BraveWords: And via the success of your movie, Anvil! The Story Of Anvil, it placed you right on stage with Conan O'Brien.

Reiner: "We actually played on that show, we didn't just sit on the couch. We did something that most celebrities don't do - we got to talk and play. That was so surreal. See, a lot of that Anvil movie stuff that happened years ago was cool, but a lot of it was surreal. To me it was surreal. You start hanging around with, to me, not our crowd. We would be going to these Hollywood parties, thinking we don't fit here, I don't know anybody. Meanwhile there's Clint Eastwood, and all of these famous, super famous people. We were a bunch of scumbags walking around. Meanwhile they were like, 'You guys are Anvil, that's so cool!', and I'm going, 'This is the most fucked up thing I've ever been involved in!'."

BraveWords: And what is the one painting that sticks out, that's close to your heart? Or are they like your children and you can't pick just one?

Reiner: "Yeah, it's more like that. I don't have a favourite. And that's the truth. They're kind of all the same. They're finished, and once you finish one of these things, it's like a song. It's recorded, pull down the fader, tune's over. More than likely we'll never play it again, and not because it's no good, it's just you can't. But it lives on your record forever. To an artist, paintings come and go that way, too. You sign it, and you move on.
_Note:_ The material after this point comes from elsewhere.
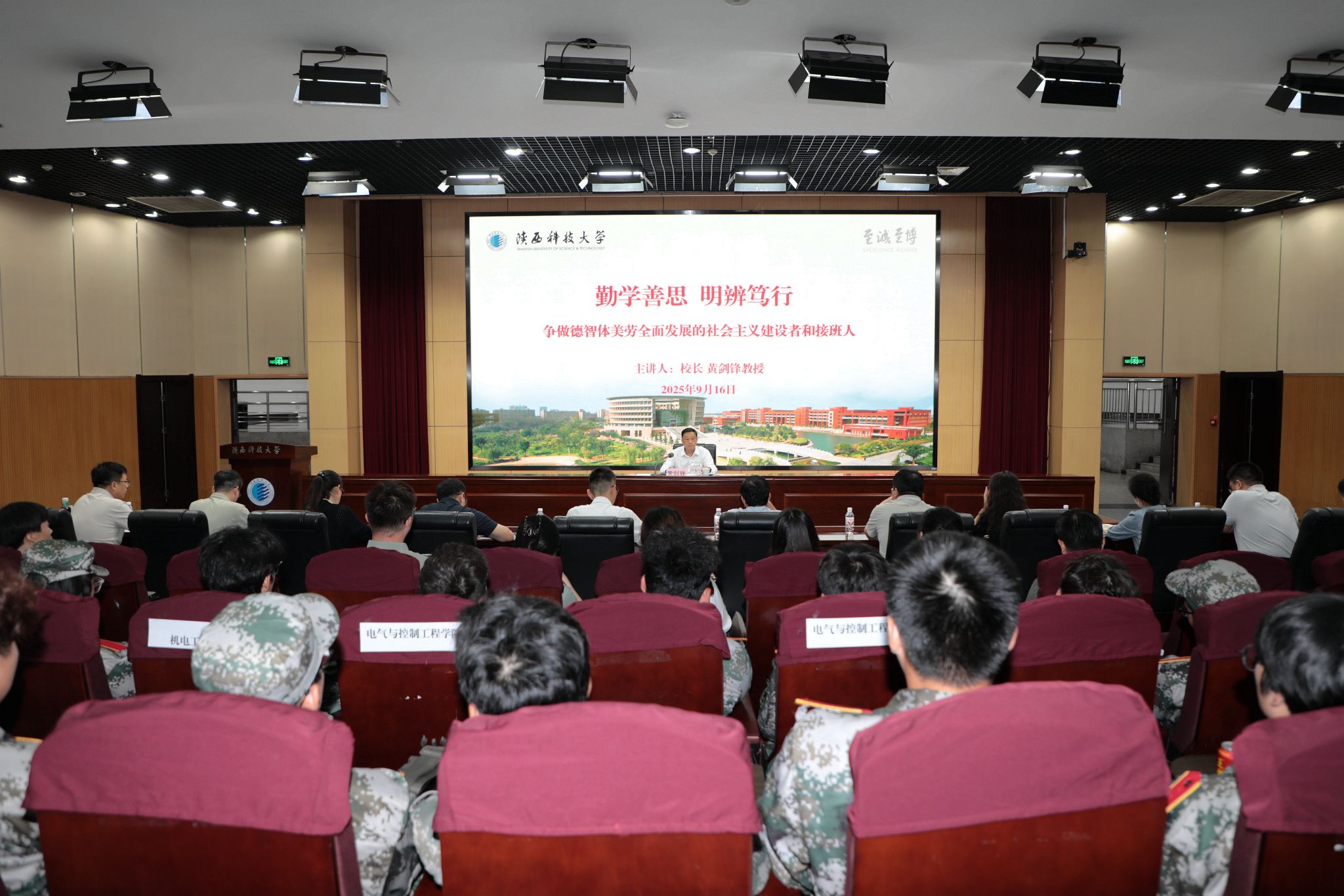 9月16日,陕西科技大学校长黄剑锋以“勤学善思 明辨笃行 争做德智体美劳全面发展的社会主义建设者和接班人”为题,为2025级新生讲授“开学第一课”。

I don't get too attached to it that way. As I said, I'd like to exhibit it, because there's nothing like looking at art. It's like, you can listen to a record, but it's not like the live show. You go to a live show and you feel it, hear the volume. It's the same with art, standing in front of it. If you want, you could touch it, so that's an experience. I'd like to do a real nice show where people can come and gawk at them. I've done them, but not here. My son wants to be a curator. He wants to do it. I would do it, but I don't want to sell them. I'd want people to come and see an exhibit, to look at them, that's it. It's all about the experience. Come and check them out. If you want to buy the book and merch, that's another thing. I mean you could offer me some crazy money and I'd probably say no because I've already been offered pretty crazy money, where people say I should go see a psychologist or psychiatrist, honestly. I just don't want to do that. That's it. Primarily I like to work the book, the book's quite popular. I'm actually making another one now.”
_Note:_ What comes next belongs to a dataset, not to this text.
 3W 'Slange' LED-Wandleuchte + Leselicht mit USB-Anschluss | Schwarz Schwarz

With numerous records under his belt, performing in most countries around the globe, with added fuel from their hit movie, Anvil! The Story Of Anvil, Robb Reiner isn’t fazed by fame. And his painting expertise takes him to another level, yet he remains level-headed and soft-spoken. He lets his passions speak for themselves. Marching to the beat of his own drum. And remember, at the end of the day, “metal on metal it's the only way.”

“Like Danny Bonaduce once said to me, 'Man, it doesn't pay to be a legend’,” he recalls as our tour winds up. “And he was not so wrong. There are so many legendary people but there's no big paycheque that comes with that so-called status. So no, I don't think about things like that. I just go on about my scope. I don't think about it much unless I'm reminded.”